Information shown:
Segment Open

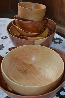 Diese gedrechselten Schönheiten sind Beispiele, die als Unikate bei uns käuflich erhältlich sind. Bitte schreiben Sie uns per Kontaktformular falls Sie sich für einen Gegenstand interessieren. Benützen Sie dazu die Nummer, die im violetten Kreis steht damit wir schauen können, ob etwas ähnliches (Grösse, Stil, Preis) noch an Lager ist. Selbstverständlich können wir auch etwas extra für Sie produzieren.
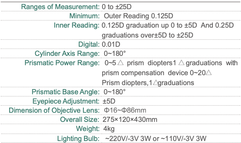 • Outer reading, ±25D measurement
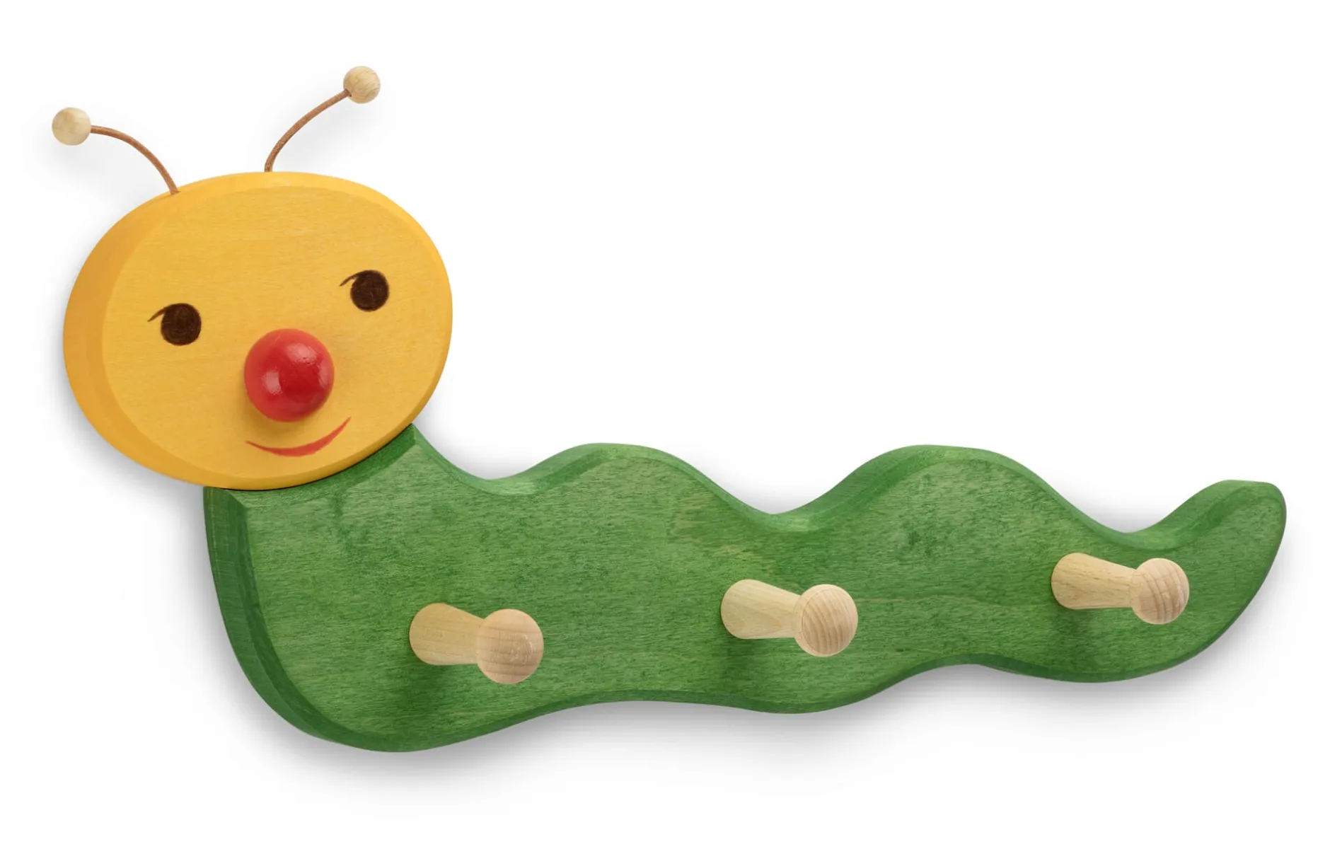 Meins! Kleine und große Menschen, die in einer Gemeinschaft leben, freuen sich über ihr Miteinander – und gleichzeitig über einen persönlichen (Frei-)Raum. Mit einer kindgerecht niedrig montierten Kindergarderobe richten Sie Ihrem Kind bereits im Wohnungsflur einen solchen eigenen Bereich ein, den Ihr Nachwuchs selbstständig und voller Besitzerstolz nutzen kann und darf. Im spielerisch einzuübenden Ritual des An- und Ausziehens ermuntert die Kindergarderobe Ihren Sprössling, Jacke, Schal und Turnbeutel so aufzubewahren, dass sie auffindbar und griffbereit sind (und bleiben). Und da auch die Bereitschaft zur Ordnung nun einmal viel schöner (und anhaltender) über den positiven Affekt zu erreichen ist, fördert die liebenswerte, fröhlich-bunte Gestaltung der Garderoben-Raupe zugleich die kindliche Ordnungsliebe. Dies sogar auf lange Sicht, denn die Fertigung aus massivem Nadelholz „erträgt“ selbst das motorisch noch ungeübte Aufhängen und Entnehmen mit dauerhafter Solidität.
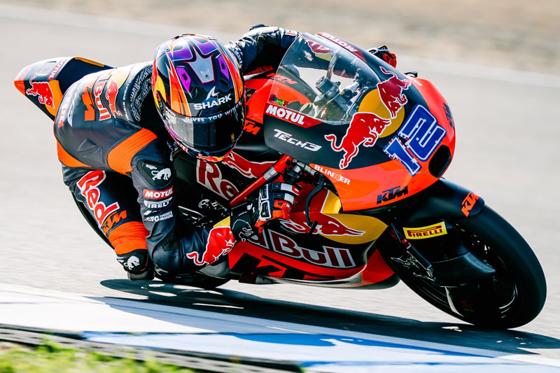 Le mardi, en Moto3, les conditions étaient nettement plus fraîches (21° dans l’air, 35°) mais également parfaites pour taquiner le record. Seuls 11 pilotes étaient malheureusement au rendez-vous, mais cela n’a pas empêché José Antonio Rueda (Red Bull KTM Ajo) de réaliser 12 tours et 2’05.374 lors de la première session, à 3 dixièmes du record absolu, devant Jacob Roulstone (Red Bull KTM Tech3).
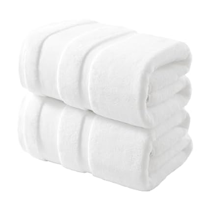 REDKISS 100% Cotton Bath Towels Set of 2, Extra Large Bath Sheets 35 X 70 Inches, 800 GSM, Quick Dry, Ultra Soft & Super Absorbent Bathroom Towel Sets for Bathroom, Gym, Spa, Pool & Hotel, White
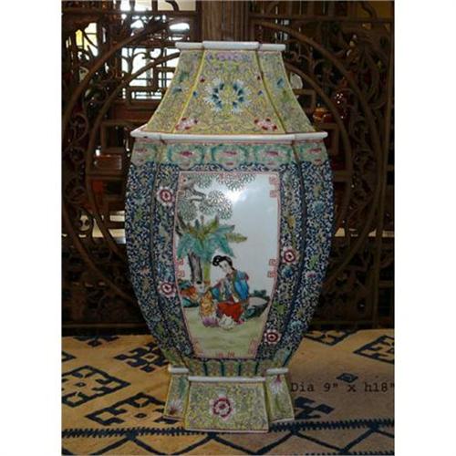 This is an special cross shape famille porcelain vase with nice blue and yellowish green color. Each side has a scenery of mother and the son. It is an enjoyable piece with many things to appreciate. <p>

Segment Closed

About this exercise:
Repeat the full listing above exactly, with no pictures in the copy.

Response to this task:
 Diese gedrechselten Schönheiten sind Beispiele, die als Unikate bei uns käuflich erhältlich sind. Bitte schreiben Sie uns per Kontaktformular falls Sie sich für einen Gegenstand interessieren. Benützen Sie dazu die Nummer, die im violetten Kreis steht damit wir schauen können, ob etwas ähnliches (Grösse, Stil, Preis) noch an Lager ist. Selbstverständlich können wir auch etwas extra für Sie produzieren.
 • Outer reading, ±25D measurement
 Meins! Kleine und große Menschen, die in einer Gemeinschaft leben, freuen sich über ihr Miteinander – und gleichzeitig über einen persönlichen (Frei-)Raum. Mit einer kindgerecht niedrig montierten Kindergarderobe richten Sie Ihrem Kind bereits im Wohnungsflur einen solchen eigenen Bereich ein, den Ihr Nachwuchs selbstständig und voller Besitzerstolz nutzen kann und darf. Im spielerisch einzuübenden Ritual des An- und Ausziehens ermuntert die Kindergarderobe Ihren Sprössling, Jacke, Schal und Turnbeutel so aufzubewahren, dass sie auffindbar und griffbereit sind (und bleiben). Und da auch die Bereitschaft zur Ordnung nun einmal viel schöner (und anhaltender) über den positiven Affekt zu erreichen ist, fördert die liebenswerte, fröhlich-bunte Gestaltung der Garderoben-Raupe zugleich die kindliche Ordnungsliebe. Dies sogar auf lange Sicht, denn die Fertigung aus massivem Nadelholz „erträgt“ selbst das motorisch noch ungeübte Aufhängen und Entnehmen mit dauerhafter Solidität.
 Le mardi, en Moto3, les conditions étaient nettement plus fraîches (21° dans l’air, 35°) mais également parfaites pour taquiner le record. Seuls 11 pilotes étaient malheureusement au rendez-vous, mais cela n’a pas empêché José Antonio Rueda (Red Bull KTM Ajo) de réaliser 12 tours et 2’05.374 lors de la première session, à 3 dixièmes du record absolu, devant Jacob Roulstone (Red Bull KTM Tech3).
 REDKISS 100% Cotton Bath Towels Set of 2, Extra Large Bath Sheets 35 X 70 Inches, 800 GSM, Quick Dry, Ultra Soft & Super Absorbent Bathroom Towel Sets for Bathroom, Gym, Spa, Pool & Hotel, White
 This is an special cross shape famille porcelain vase with nice blue and yellowish green color. Each side has a scenery of mother and the son. It is an enjoyable piece with many things to appreciate. <p>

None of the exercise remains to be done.